In the present work it was shown that crucial optical parameters of the investigated photovoltaic cover glass were modified by the applied plasma pre-treatment. In particular, the UV-transmission was notably reduced, giving rise to an improved coupling of incoming laser irradiation. For a low number of laser pulses, this effect allows a significant reduction of flaking around the ablation spots and an accompanying decrease in form error without affecting the ablation depth, i.e., the ablation rate.

However, comparatively long-term plasma pre-treatment is required for achieving the observed enhancements of the laser ablation process. In order to improve the efficiency and to shorten the process time of this plasma treatment, further experiments have to be performed. Here, deciding plasma parameters such as the composition of the used process gas, the plasma power and the plasma discharge type shall be modified and optimized.
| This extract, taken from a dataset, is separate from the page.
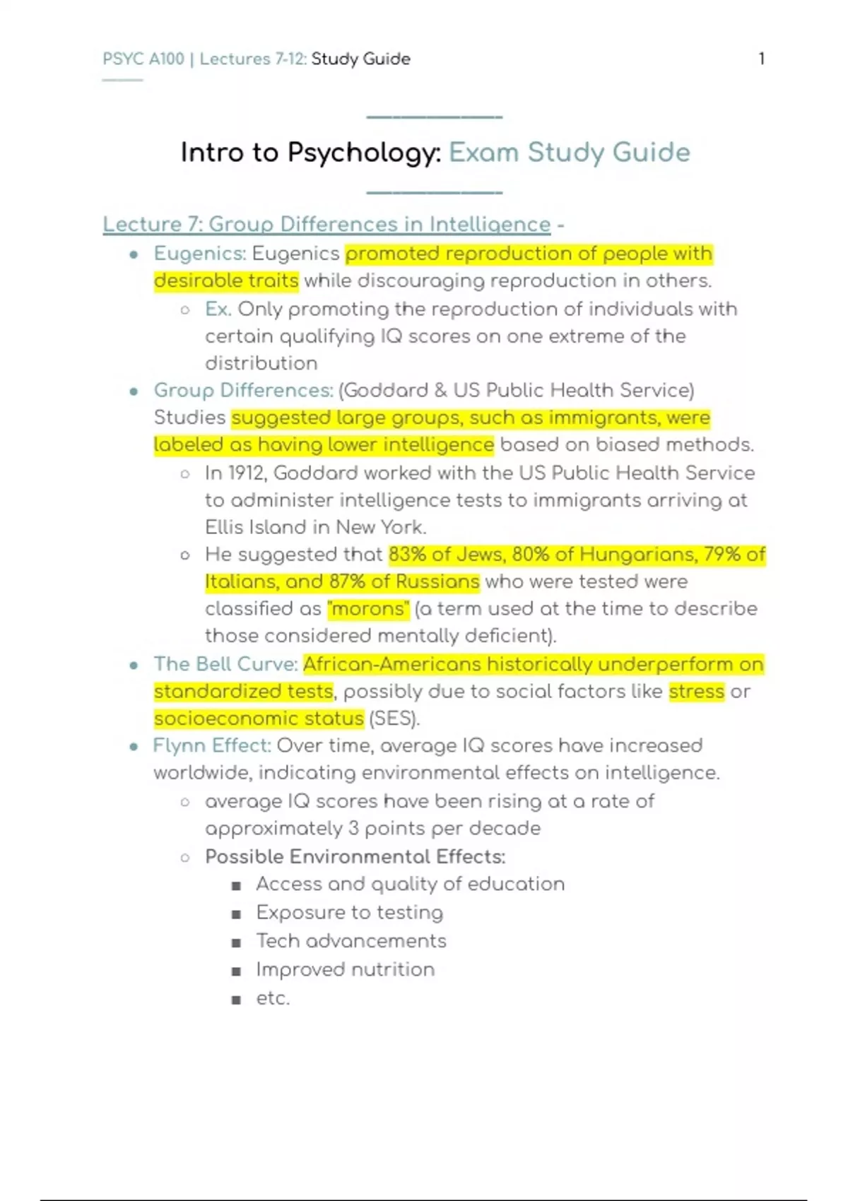 In-depth notes from PSYC A100 Lectures 7 - 12. Terms, definitions, examples, helpful acronyms, helpful pneumonics.

Another approach for providing an industrial-scale atmospheric pressure plasma-assisted laser ablation method is the application of a simultaneous process instead of a sequential one. The feasibility of such simultaneous plasma-assisted ablation was already shown in previous work where argon was used as process gas [32,33,34]. One has to consider that in this case, the advantage was taken of plasma-physical mechanisms instead of plasma-chemical effects. The characteristics and performance of a simultaneous process using chemically reactive hydrogenous process gases will be investigated in ongoing work. Such simultaneous process should further be applied in order to improve the ablation quality during multiple-pulse ablation.